El Estoque

Response to motivational speaker once dubbed ‘world’s ugliest woman’ reveals disproportionate focus on beauty

Eva Spitzen

[youtube link=”http://www.youtube.com/watch?v=c62Aqdlzvqk” width=”400″ height=”315″]

Lizzie Velasquez is one of three people in the world known to suffer from Neonatal Progeroid Syndrome, a condition that causes her to have zero percent body fat. In high school, she came across a YouTube video that described her as the “World’s Ugliest Woman.” The video gained millions of views, and many people posted rude and hurtful comments.

In December of 2013, Velasquez gave a TED Talk telling her story, in which she described her resolution to disregard bullies’ comments. In response, online publications have praised her positive attitude, commending her for encouraging people to find beauty in everyone.
Her story is inspiring and the response to it has been encouraging — but that doesn’t mean that we can accept Velasquez’s message blindly without considering its implications.

Much of Velasquez’s platform revolves around redefining beauty. Her Tumblr is entitled “Lizzie Beautiful” and her book is entitled “Be Beautiful, Be You.” The press has mirrored this vernacular — the Today Show titled a story about Velasquez “The Beauty that Lies Within”. The concept of beauty is a nice foil to the title of “ugly” that Velasquez’s bullies formerly used, but a campaign revolving around self-acceptance and motivation shouldn’t be centered exclusively around beauty. After all, there are many more important, meaningful traits that define people — intelligence, compassion and dedication, to name a few. Rather than focusing on redefining beauty, Velasquez should use her inspiring story to encourage people to disregard conventional standards of beauty altogether. Similarly, we as receivers of her message should praise Velasquez not for her beauty, but for her valuable lesson.
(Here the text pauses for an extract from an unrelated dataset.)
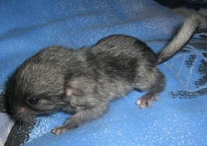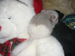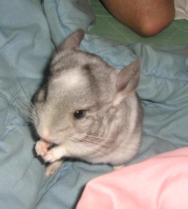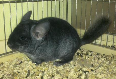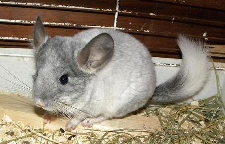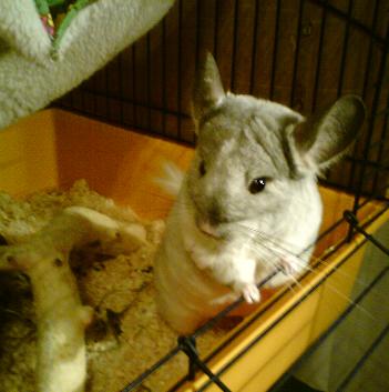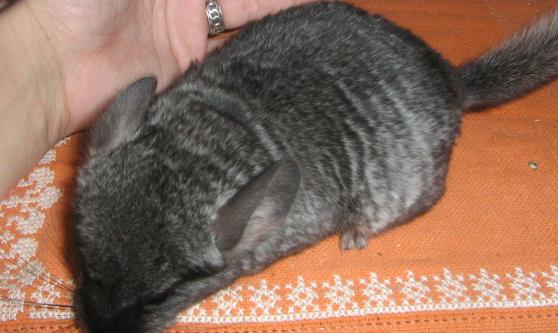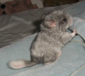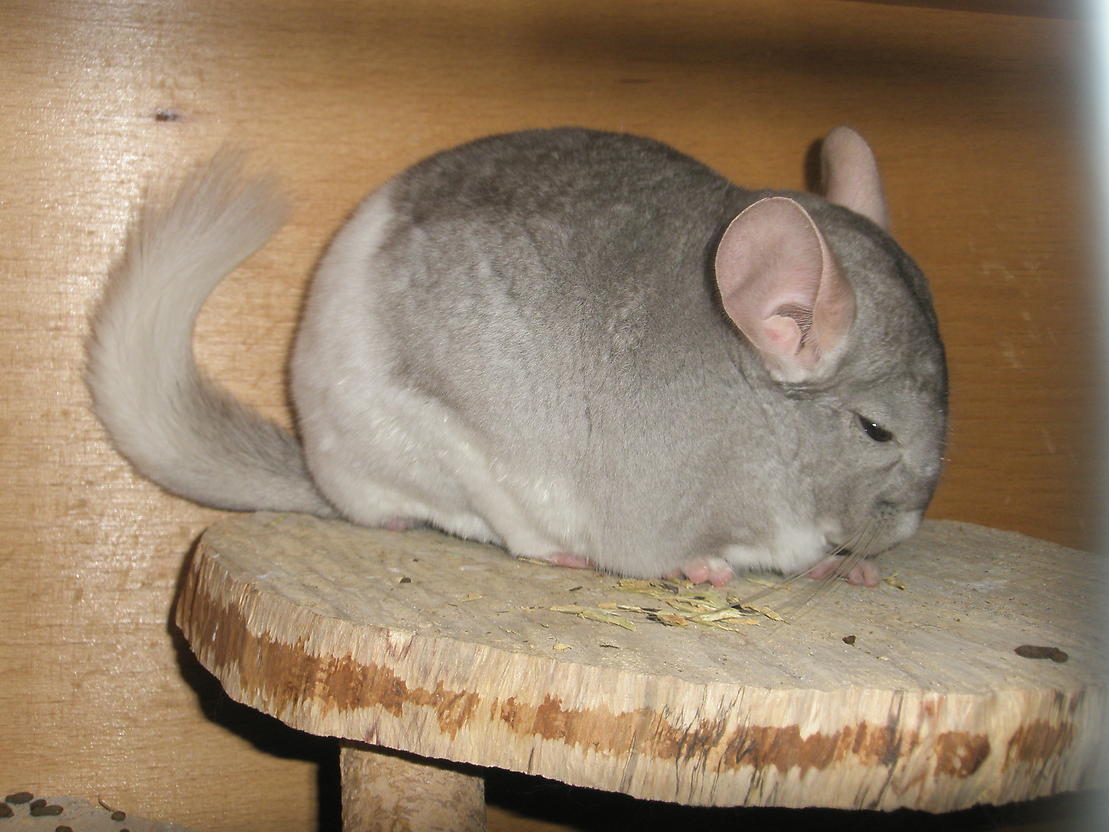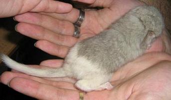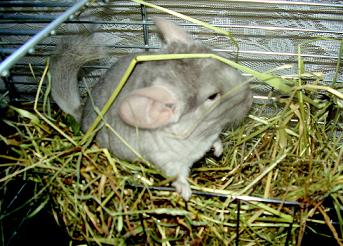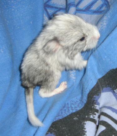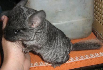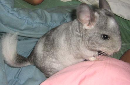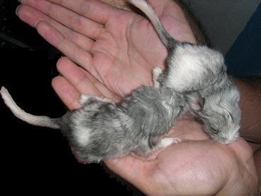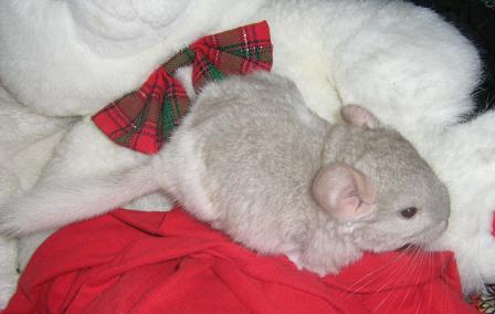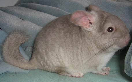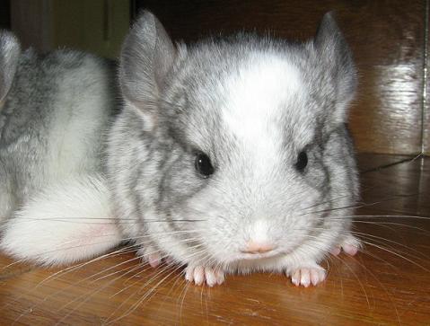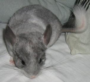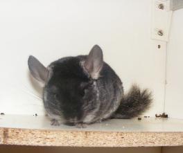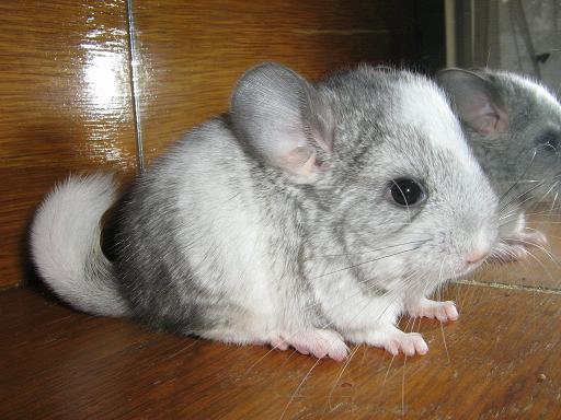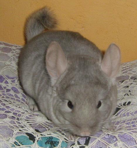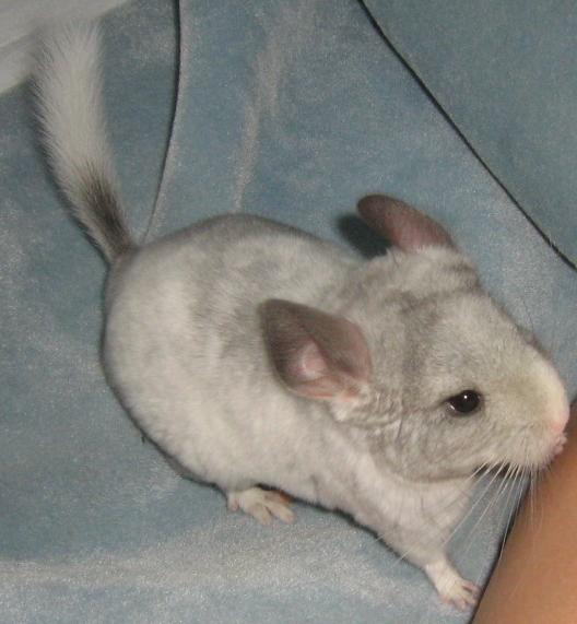 (Dvě bílé činčily se nesmí křížit kvůli lethal faktoru. Toto bylo nešťastné spojení)

It’s very possible that this disproportionate focus on beauty is due to Velasquez’s gender. If Velasquez had been a male rather than a female, it’s likely that “beautiful” wouldn’t have been the first adjective that came to mind. While we can’t deny the merit in redefining physical beauty, the disproportionate focus on outward appearance is an issue. This wouldn’t be the first time that media automatically turn to evaluations of beauty for female public figures. Hillary Clinton was notoriously criticized for her makeup and fashion choices throughout her term as Senator and while running for President, and well-known CNBC news anchor Maria Bartiromo was deemed “Money Honey” by paparazzi because she was the first woman to broadcast live from the New York Stock Exchange. Again, the idea of redefinition of physical attractiveness is a good one, but focusing on it entirely encourages the idea that the best trait a woman can possess is physical beauty.

The idea that we should redefine beauty as reflecting inner traits definitely has merit, and Velasquez’s message goes a long way in pointing out flaws in society’s current definition of physical attractiveness. However, we should go beyond redefining physical beauty and realize that other, more important traits, have a much more significant influence on how we define ourselves.